Esta é a grande inovação da psicanálise, algo que nunca tinha
sido feito antes.
Partindo dos sonhos, buscará investigar a estrutura do aparelho
anímico e o jogo de forças que o compõem.

Parte A - O esquecimento dos sonhos

Aquilo em que os autores precedentes consideravam ser inexato,


falseado e incorreto da lembrança dos sonhos, inviabilizando-o como
objeto de estudo da alma humana, Freud verá um sentido a ser
descoberto.
Isso porque, ao contrário destes autores, Freud considera que
nenhuma alteração, troca, esquecimento e confusão na forma de se
narrar um sonho é arbitrária, ou seja, sem sentido.
Esta premissa inerente ao pensamento psicanalítico Freud
chamará determinismo psíquico que pode ser traduzido por: tudo o
que ocorre num lapso, num erro, num esquecimento, numa troca, numa
falha tem um sentido, embora este sentido esteja inconsciente para a
própria pessoa.
Freud aplicará esta premissa aos sonhos e não aceitará a ideia
de serem os sonhos imprestáveis para serem compreendidos por serem
confusos, incompletos ou estranhos.
Dirá, ao contrário, que este tratamento desdenhoso e duvidoso
do intelecto com os sonhos é produto da resistência, conceito que
utilizará cada vez mais e que significa tudo aquilo que opõe à trazer o
recalcado de à consciência e que, portanto, paralisa o trabalho
analítico.
Tal resistência se expressa em atitudes de desprezo, descrença e
demérito com os sonhos e outros produtos anímicos quando em outra
postura, não resistente, poderia se dizer: não sei ao certo o que isso
significa, mas eis o que me ocorre a respeito…
Da mesma forma, superestima-se o quanto o sonho foi esquecido
e está aos pedaços, não servindo à análise, também em prol da
resistência.
Freud dá uma prova da resistência interna à interpretação dos
sonhos ao dizer que sonhos que havia tido há dois ou três anos foram
facilmente interpretados por ele depois de se passarem alguns anos,
algo como dizer que tudo aquilo de que tomamos uma certa distância
no tempo e não nos mobiliza mais afetivamente pode ser melhor
compreendido.
Para ele, é muito difícil captarmos nossas próprias
representações involuntárias, o que requer abster-se de qualquer
crítica e aversão afetiva ou intelectual.
Exemplo: abordar intelectualmente determinados assuntos,
digamos o desejo de matar ou o estupro, pode me despertar ira, revolta
e mal-estar e por isso rapidamente eu me evado de refletir livremente
sobre ele.
A dica de Freud para vencer tais resistências: persistir na reflexão
e não se preocupar em chegar a algum lugar com isso.
Nem todo sonho pode ser interpretado e nenhum sonho pode ser
interpretado até o final, pois cada sonho tem o seu “umbigo”.
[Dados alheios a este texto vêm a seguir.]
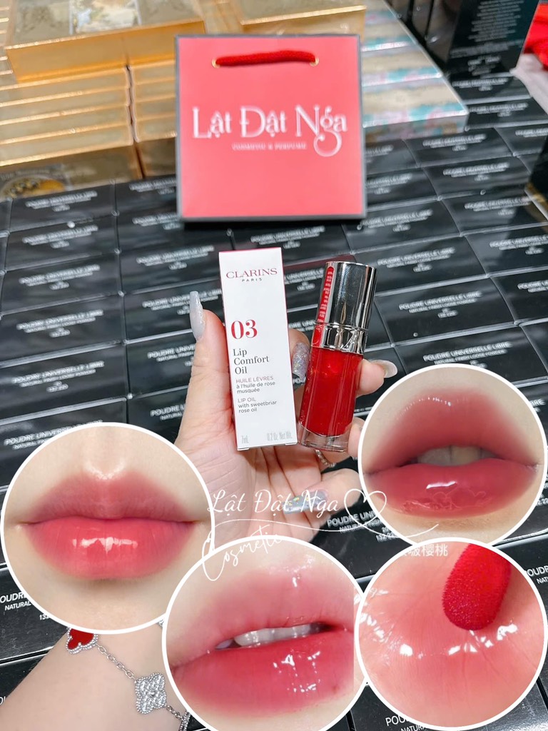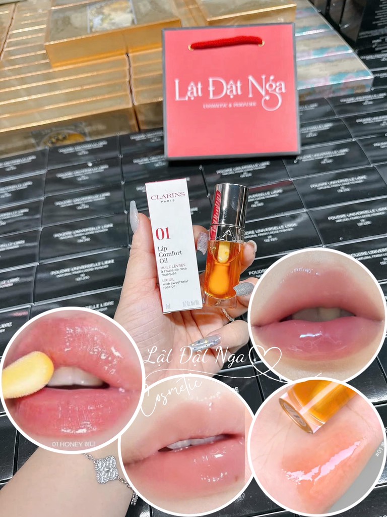 Clarins Lip Comfort Oil dưỡng ẩm lên môi với một chút màu sắc và độ bóng như gương. Kết cấu dầu dưỡng lướt nhẹ nhàng trên môi, mang lại cảm giác nhẹ nhàng, không dính, mang lại hiệu ứng ấn tượng có thể dùng làm lót trước khi dùng son hoặc phủ lên bất kỳ vết son môi hoặc vết bẩn nào để có thêm độ bóng cũng có thể dùng trần mang lại hiệu ứng màu sắc nhẹ nhàng, tự nhiên.
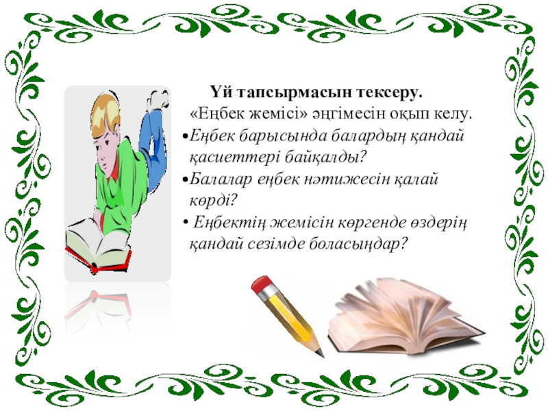 Үй тапсырмасын тексеру. «Еңбек жемісі» әңгімесін оқып келу.Еңбек барысында балардың қандай қасиеттері байқалды?Балалар еңбек

Relação dinâmica entre o sono, os sonhos e as resistências

O sonho só é possível de existir porque, no estado de sono, as


resistências arrefecem um pouco (não totalmente), o que, caso não
acontecesse, tornaria impossível o sonhar.
Nesse aspecto, pode-se dizer que o sonho é um produto do
estado que o psiquismo adota durante o sono.

Item B - Regressão

Freud busca explicar em termos da psicologia dos processos


oníricos porque, nos sonhos, um pensamento onírico carregado de
desejo é vivenciado sensorialmente, como se realmente estivesse
ocorrendo.
No exemplo do sonho da criança queimando, o desejo do pai de
ter o filho vivo novamente, faz com que ele, de fato, o veja.
Ou quando estamos com muita vontade de ir à praia e sonhamos
à noite estarmos de fato lá.
Isso não ocorre com os devaneios. Devaneamos, mas sabemos
que aquilo não é real.
Equivale a este aspecto vívido dos sonhos, as alucinações dos
doentes e as “visões” dos normais.
Para explicar isso, Freud lança mão de um modelo do aparelho
psíquico formado por três instâncias (algo que ele retoma do Projeto)
ou sistemas que mantêm uma relação temporal entre elas, umas vindo
depois das outras.
Neste modelo, o caráter alucinatório dos sonhos explica-se pelo
fato de que, dormindo a extremidade motora fica paralisada, fazendo
com que o sistema “rode” no sentido regressivo (sentido Motor - Pcpt).
Sentido contrário ao quando progressivo, de quando se está acordado.
Assim, a energia psíquica correndo em sentido oposto ativa o
sistema Pcpt-Mnêmico, fazendo com que os registros mnêmicos
armazenados no Incs sejam experimentados sensorialmente ou
alucinatoriamente.
Resumindo, dormindo, as catexias que durante o dia estavam
investidas na consciência e no estado de vigília se tornam “mais frouxas
e livres”. Isso, somado ao fato de que a extremidade motora está
paralisada quando dormimos, é o que faz as catexias correrem em
sentido regressivo, provocando os sonhos alucinatórios.
Na vida de vigília, é o estado regressivo das catexias que explica
as alucinações dos doentes e “visões” das pessoas normais. Nestes
casos, são as representações recalcadas e, portanto, inconscientes que
são alucinadas ou vistas.
São as representações inconscientes as únicas que podem
expressar-se regressivamente, ou seja, por alucinações e visões.
Freud exemplifica isso com um menino que tinha visões de rostos
verdes e olhos vermelhos, de onde se descobriu que a mãe, tentando-o
fazê-lo parar de se masturbar, ameaçou-o dizendo que ele iria ficar
como o colega mal comportado: com olhos vermelhos e cara verde.
Além do que ia, ficaria burro e morreria cedo.
Neste caso, a lembrança recalcada foi a da ameaça da mãe
contra a masturbação que ele alucinou vendo os rostos.
Isso leva Freud a considerar que as lembranças infantis, de alto
teor sensorial, forçam entrada na consciência por meio dos sonhos e
das alucinações. O que mostra como nunca, de fato, as deixamos para
trás, tão fortemente nos marcaram.
Como não podemos revivê-las, contentamo-nos a revivê-las nos
sonhos.
Conclusão, o efeito regressivo sobre as representações
explicam-se por duas vias, que se somam entre si: primeiro, a
resistência impedindo-as de chegar à consciência e segundo, a atração
de tudo o que foi vivido sensorialmente exerce sobre nós.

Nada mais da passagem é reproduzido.